I wrote earlier in the year about how one member of my regular boardgaming group had been named Lemon Curd champion of Otley. Subsequently one of the others has been crowned Fruit Scone king of Addingham. What a talented bunch they are. I'm pleased to say that when we are not stuffing our faces with their baked goods we are still able to find time to play a few games. Here are some of them:


Azul: A very good game, which I have played remarkably few times.

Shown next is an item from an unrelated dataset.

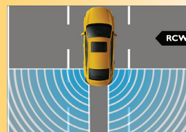
Hệ thống cảnh báo phương tiện và chạm từ phía sau*

Bomb Busters: I really enjoyed this cooperative deduction game in which players seek to collectively defuse a bomb by 'cutting' various wires using mechanisms that are a bit Hanabi meets Trio. I've only played a couple of the training scenarios, but apparently there are 66 in all. It's much less frenetic than the similarly themed Fuse. Do you know, I might actually have to put my hand in my pocket and buy this one.

Calico: A tile laying game where the aim is to lay out patterns and colours in certain combinations in order to create a quilt which cats can lay on. Like many such games it gets really annoying when the right piece doesn't turn up at the right time and I spent the game thinking that it was all luck However, the two players who had played before absolutely thrashed the two who hadn't, leading me to believe that there must be some strategy in it. I'd certainly play again.

Canvas: A drafting game in which what the cards drafted are mostly transparent, but with a small amount of screen printing. Three of these are combined in a special sleeve with a background card to create a 'painting'. It's a gimmick in search of a game, but plays very quickly so doesn't particularly outstay its welcome.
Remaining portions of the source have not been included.